Prismatic Geoscope 4/10

This would be a total bomb if it were not for the fact it comes into play tapped. The real power of Gilded Lotus is that it is generally only a 2 mana investment on the turn you play it. This is almost always costing you five and thus takes ages longer to give a good yield on that investment. While this can theoretically tap for five that is a bit of a pipe dream. Decks that play loads of artifact mana typically have a very light colour contingent and rarely go more than two colours. Those that do rarely have the basic land types of those colours in play. The ability to mix up the colours of mana is nice and does make this a good card to simultaneously fix and ramp. Likely one of the better tools to help you cast Ultimatum's and Nicol Bolas! Powerful but far too many restrictions to make it broadly playable.


Sidar, Kondo of Jamuraa 2/10

Hard to block, hard to kill and a lot of potential reach for weenie decks. While there are plenty of situations this guy would be game winning I don't think he has enough power to stand alone. If I want reach and power I can play Sublime Archangel or Elsepth and have a card that does a lot of work all on its own for the same mana.

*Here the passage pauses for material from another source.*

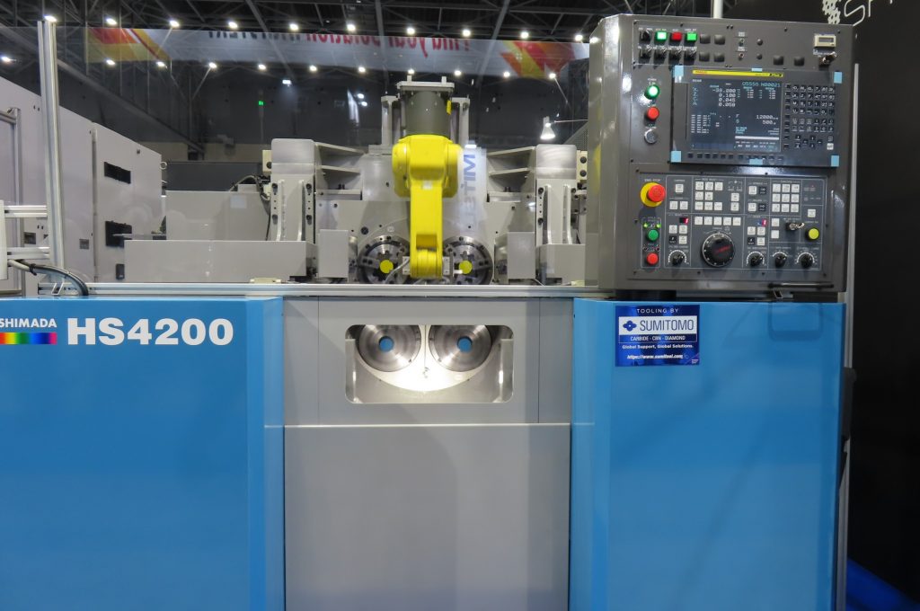 シマダマシンツール(1C29)は「ローディングによるロスタイム“ゼロ”」を提案する。4主軸2刃物台の旋盤「HS4200」では、2つの主軸で2製品を同時加工し、その間にロボットで残りの2主軸へのワーク脱着やワーク反転を行う。「加工条件やローディング速度を変えなくても、頑張らずにサイクルタイム短縮ができる機械」と担当者は話す。

This lacks any real bite of its own which on a four drop makes it limp.


Bruse Tarl, Boorish Herder 6.5

This dude has Titan style effects bolted onto a Hill Giant. Probably best considered as a Titan themed rework of Silverblade Paladin. Provided you have some board when this hits play you will get a huge swing out of it, much more so than with Sublime Archangel or Silverblade Paladin. The addition of lifelink just makes it very low risk (as they cannot hope to race you). While Bruse is a lot weaker on defense than Silverblade Paladin and it's soulmate the lifelink again offsets this. Bruse is a must kill creature that has an effect right away. He is massive on the tempo side of things and although not offering card advantage he is still a card you can expect to get value from most of the time. He is limited mostly by his colour pairing but unlike cards like Nahiri and Ajani he is far better suited to the aggressive framework that is Boros. Lots of power and a well placed card that is only really let down by the narrow range of Boros archetypes. I very well may end up cutting this despite it clearly being better than most mono coloured four drops simply because it won't be something you can play quite as often.

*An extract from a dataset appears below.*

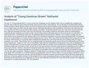 This essay will analyze Nathaniel Hawthorne’s short story “Young Goodman Brown,” discussing its exploration of Puritanism, moral ambiguity, and the complexity of human nature. PapersOwl showcases more free essays that are examples of Analysis.

Kraum, Ludevic's Opus 3.5/10

Basically this is a Stormbreath Dragon and all told I prefer protection from white to this thing's effect. Stormbreath isn't even that good or that often played in cube being so massively overshadowed by Thundermaw. This hits quite hard but it is only really on a par with the cube expectation. For a gold card to shine it really needs to be above par. The effect this has is slow to come into effect and your opponent has control over it making it unlikely to do much at all.


Atraxa, Preator's Voice 5/10 (7/10 power and 3/10 playability)

The first of our new Nephilim upgrades. This is an awfully long way above what I require of a four drop in cube. It is nutty good but balancing that power off against its playability based on colour requirement is really hard. I am still not great at knowing which three colour cards are cube worthy. All I know is that very very few of the three colour cards make the cut. They have to be well above the curve in power, they have to be in good, commonly played colour combinations and they have to be so well suited to the archetypes that can play them that it is basically an auto include. Now, there are no four colour archetypes in cube. Occasionally people end up four or more colours but they are always crazy extensions on two or three colour archetypes typically splashing for the odd specific thing.

So, the question is something like"Would you splash blue into your Abzan deck for this? Would you splash black into your Bant deck for Atraxa? How about white in your Sultai deck? And lastly would you splash green into your Esper deck for her? For the first two the answer is quite possibly yes. As for Epser I am a lot less convinced but two out of three potential homes is not a bad start. Sultai decks are done and are generally pretty good but they are themselves typically a two colour archetype in which extend upon with the third colour. As such I don't really see white being the thing, you will likely end up as an Abzan deck archetype witout any disceranble Sultai core. Regardless of what arcehtype they look like, the decks with a base of green can very realistically look to play this. They are midrange archetypes that rely on super high card power levels which Atraxa suits very well.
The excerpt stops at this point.